THE PROBLEM >> The required output holds only the lines from the one containing "Gear onboard includes" through the end of the material below, copied exactly, please, with no pictures.

DATA SEGMENT >>

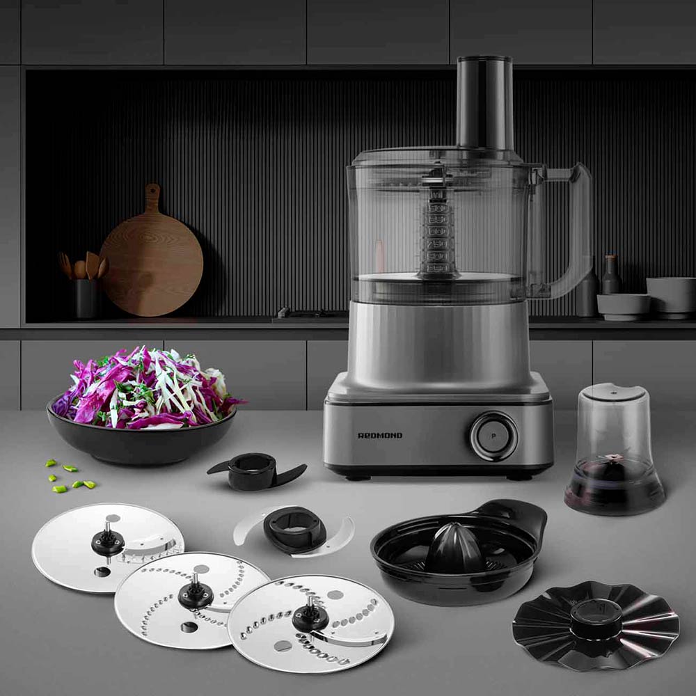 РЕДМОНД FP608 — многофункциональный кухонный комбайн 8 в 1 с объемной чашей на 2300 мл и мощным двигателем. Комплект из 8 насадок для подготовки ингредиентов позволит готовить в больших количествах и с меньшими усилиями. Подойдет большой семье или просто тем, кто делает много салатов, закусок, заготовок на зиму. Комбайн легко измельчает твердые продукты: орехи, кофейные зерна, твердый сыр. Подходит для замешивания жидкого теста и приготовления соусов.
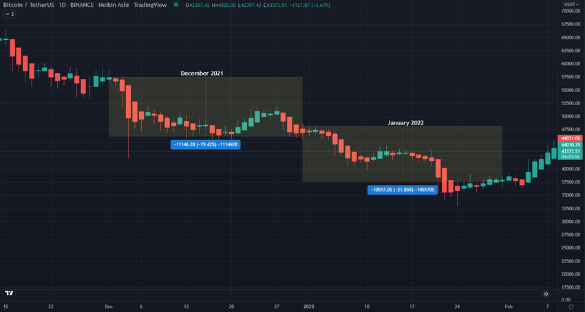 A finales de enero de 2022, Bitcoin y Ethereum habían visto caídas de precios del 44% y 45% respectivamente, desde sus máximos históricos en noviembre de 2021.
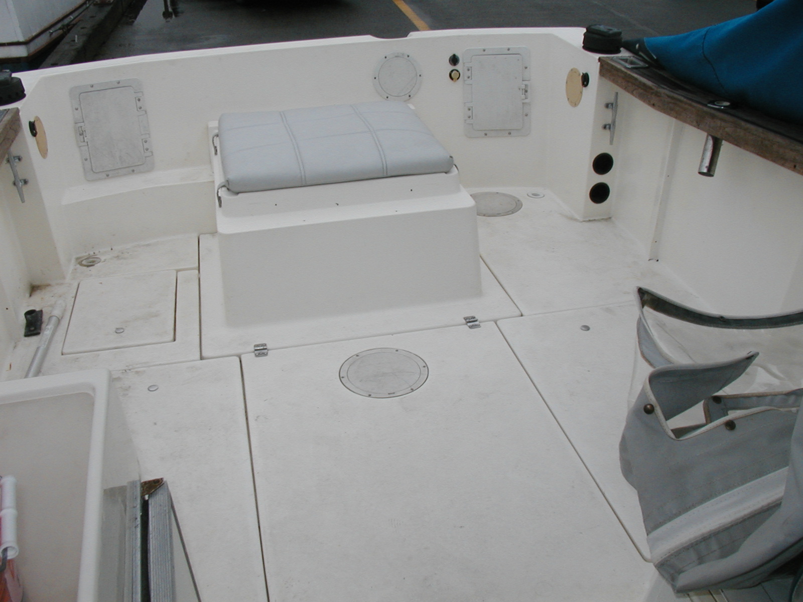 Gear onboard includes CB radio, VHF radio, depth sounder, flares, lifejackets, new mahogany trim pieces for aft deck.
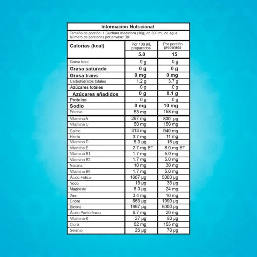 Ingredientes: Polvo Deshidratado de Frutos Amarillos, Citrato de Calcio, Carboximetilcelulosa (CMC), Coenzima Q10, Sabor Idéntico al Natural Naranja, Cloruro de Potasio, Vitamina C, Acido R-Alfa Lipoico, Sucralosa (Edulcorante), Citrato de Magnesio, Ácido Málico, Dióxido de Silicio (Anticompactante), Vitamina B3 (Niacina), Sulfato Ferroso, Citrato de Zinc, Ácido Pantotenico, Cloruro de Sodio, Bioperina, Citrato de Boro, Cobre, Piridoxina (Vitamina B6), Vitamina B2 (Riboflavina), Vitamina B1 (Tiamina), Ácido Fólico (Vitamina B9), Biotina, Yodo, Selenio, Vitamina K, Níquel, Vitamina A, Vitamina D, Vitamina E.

OUTPUT >>
 Gear onboard includes CB radio, VHF radio, depth sounder, flares, lifejackets, new mahogany trim pieces for aft deck.
 Ingredientes: Polvo Deshidratado de Frutos Amarillos, Citrato de Calcio, Carboximetilcelulosa (CMC), Coenzima Q10, Sabor Idéntico al Natural Naranja, Cloruro de Potasio, Vitamina C, Acido R-Alfa Lipoico, Sucralosa (Edulcorante), Citrato de Magnesio, Ácido Málico, Dióxido de Silicio (Anticompactante), Vitamina B3 (Niacina), Sulfato Ferroso, Citrato de Zinc, Ácido Pantotenico, Cloruro de Sodio, Bioperina, Citrato de Boro, Cobre, Piridoxina (Vitamina B6), Vitamina B2 (Riboflavina), Vitamina B1 (Tiamina), Ácido Fólico (Vitamina B9), Biotina, Yodo, Selenio, Vitamina K, Níquel, Vitamina A, Vitamina D, Vitamina E.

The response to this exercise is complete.